With this award, the Chemistry of Life Processes Program in the Chemistry Division is funding Dr. Xin Zhang from Pennsylvania State University to develop new tools examining the effects of stresses on proteins in live cells, in real time. The proteins in cells must be maintained in a delicate balance between a folded state that is dissolved in water (soluble folded) and an solid state that does not dissolve in water (insoluble aggregated state). Excessive aggregation is bad for the cells but this phenomenon occurs when cells are exposed to stresses such as aging, heat and certain chemicals. To understand how protein stress relates to cellular function, Dr. Zhang focuses develops a new class of fluorescent sensors that light up when they come into contact with unfolded proteins in cells. This project provides a variety of new tools for real-time determinations of cellular protein stresses and recovery. The interdisciplinary nature of the program allows graduate and undergraduate students to gain training and expertise in modern chemical biology research. The project also includes an education plan called "Seeking Protein Aggregates Detectors". The central theme of this education plan is to integrate K-12 and undergraduate students in research and public engagement programs that discover new chemical detectors for protein aggregates from unexplored natural dyes and their interactions with egg white proteins.
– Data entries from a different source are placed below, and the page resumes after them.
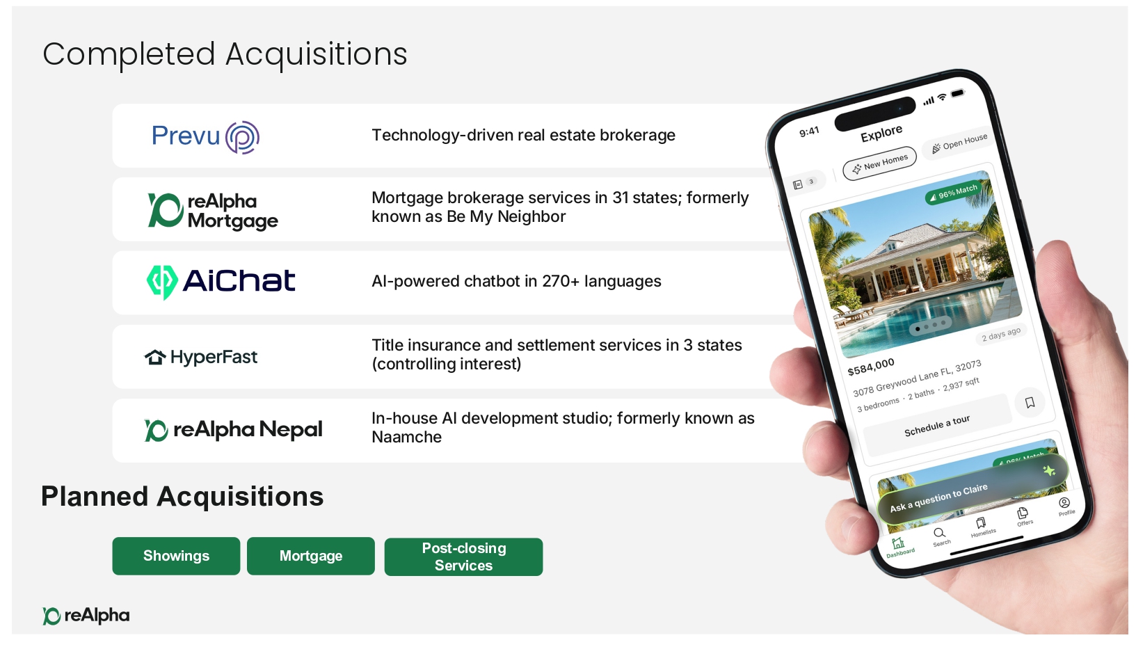 Planned Acquisitions Showings Mortgage Post - closing Services 28 Completed Acquisitions Technology - driven real estate brokerage Mortgage brokerage services in 31 states; formerly known as Be My Neighbor AI - powered chatbot in 270+ languages Title insurance and settlement services in 3 states (controlling interest) In - house AI development studio; formerly known as Naamche
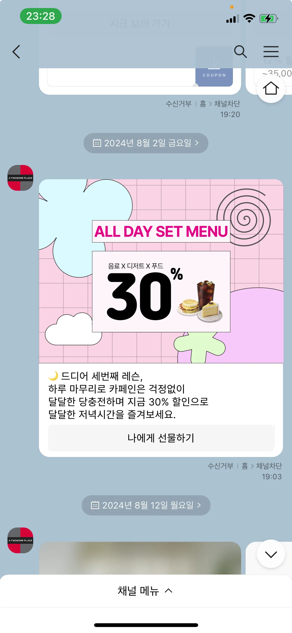 채널: 앱 푸시 + 카카오톡 광고 메시지
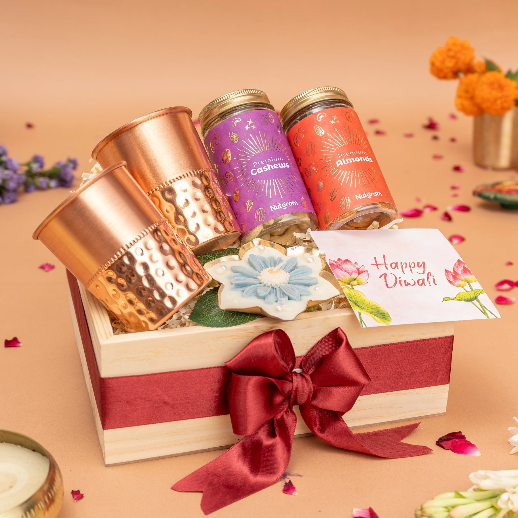 Alongside these exquisite copper glasses, the hamper includes a fragrant floral flower candle to create a soothing ambiance and premium jars of roasted cashews 90 g and almonds 110 g that offer delicious, nutritious snacking options rich in healthy fats, protein, and essential minerals. A Diwali greeting card with your personalized message adds a heartfelt touch, making it ideal for festive occasions or as a wellness-focused gift.
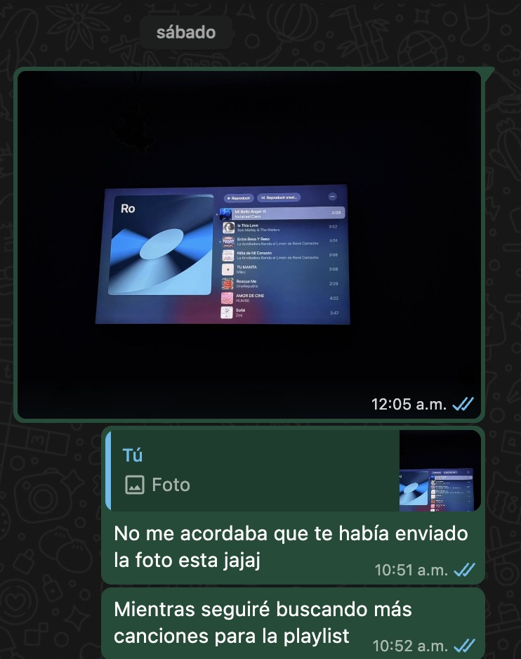 Mientras te decía que estaba armando una playlist para ti, esta misma playlist hacía el acróstico «mientras» formado por canciones que me recuerdan a ti y que de alguna forma especial, dicen lo que siento por ti.

As existing proteome stress sensors are insufficient to enable quantitative studies on the dynamics of proteome stress and recovery, Dr. Zhang is developing a novel class of fluorogenic sensors, represented by the AgHalo sensor. This sensor uses changes in fluorescence intensity as a direct readout to quantify stress-induced protein aggregation. Building on this foundation, Dr. Zhang is developing a second fluorogenic proteome stress sensor, AgSNAP, which is orthogonal to AgHalo, thus enabling a set of two-color sensors. To detect protein refolding as a post-stress event, a fluorogenic proteome recovery sensor is being developed using anti-solvatochromic fluorophores. These sensors are used to quantify intracellular protein aggregation and refolding in cells that are subjected to chronic stresses. Mutant proteins that can form either soluble or insoluble aggregates are also targeted. Results of these experiments test the hypothesis that the soluble aggregates of mutant proteins cause a more severe proteome stress than the insoluble aggregates. These research goals enable a set of novel proteome stress and recovery sensors for the protein biochemistry community and provide quantitative knowledge of proteome aggregation and refolding in chronically stressed cells.
This award reflects NSF's statutory mission and has been deemed worthy of support through evaluation using the Foundation's intellectual merit and broader impacts review criteria.